Top of Given information

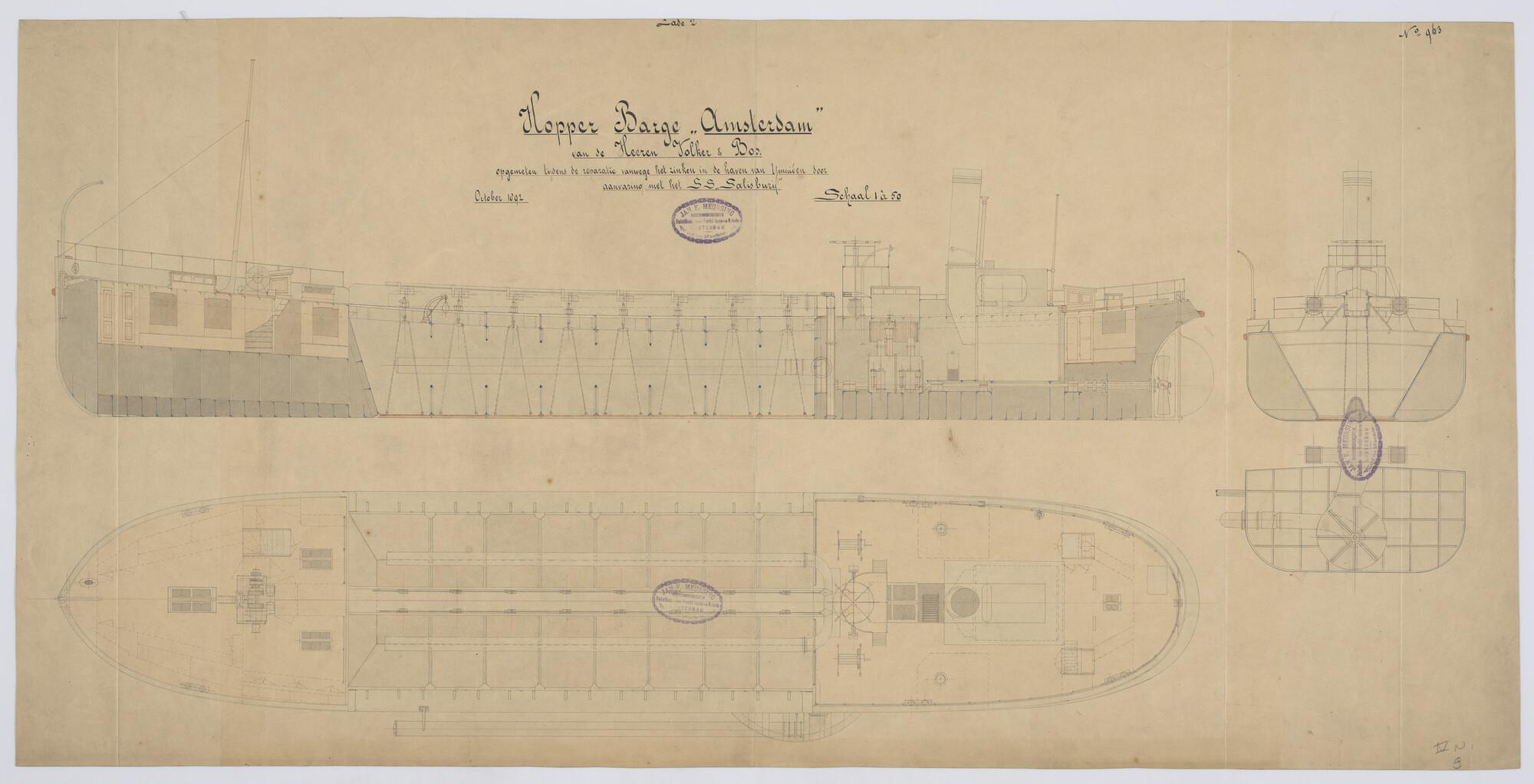 Verticale langsdoorsnede, bovenaanzicht en dwarsdoorsnede van de hopperbarge Amsterdam.
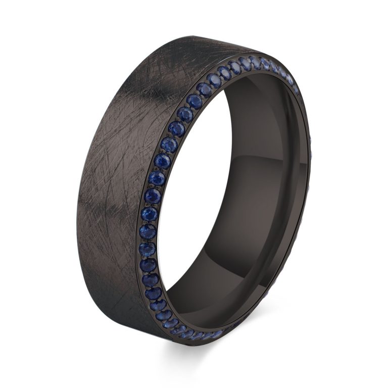 Handmade Brushed Finish 316L Stainless Steel Ring with Blue CZs CNC inlaid & Black IP Plated
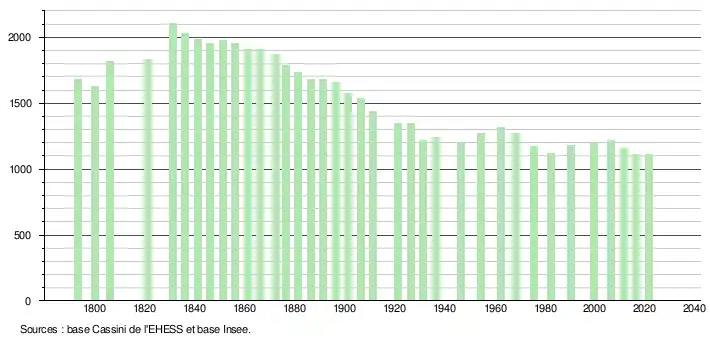 L'évolution du nombre d'habitants est connue à travers les recensements de la population effectués dans la commune depuis 1793. Pour les communes de moins de 10 000 habitants, une enquête de recensement portant sur toute la population est réalisée tous les cinq ans, les populations légales des années intermédiaires étant quant à elles estimées par interpolation ou extrapolation[31]. Pour la commune, le premier recensement exhaustif entrant dans le cadre du nouveau dispositif a été réalisé en 2006[32].

Bottom of Given information

> [Your task]:
Repeat each line of the material, unaltered, from the first through the line with "Handmade Brushed Finish", and include no pictures.

> [Output for this task]:
 Verticale langsdoorsnede, bovenaanzicht en dwarsdoorsnede van de hopperbarge Amsterdam.
 Handmade Brushed Finish 316L Stainless Steel Ring with Blue CZs CNC inlaid & Black IP Plated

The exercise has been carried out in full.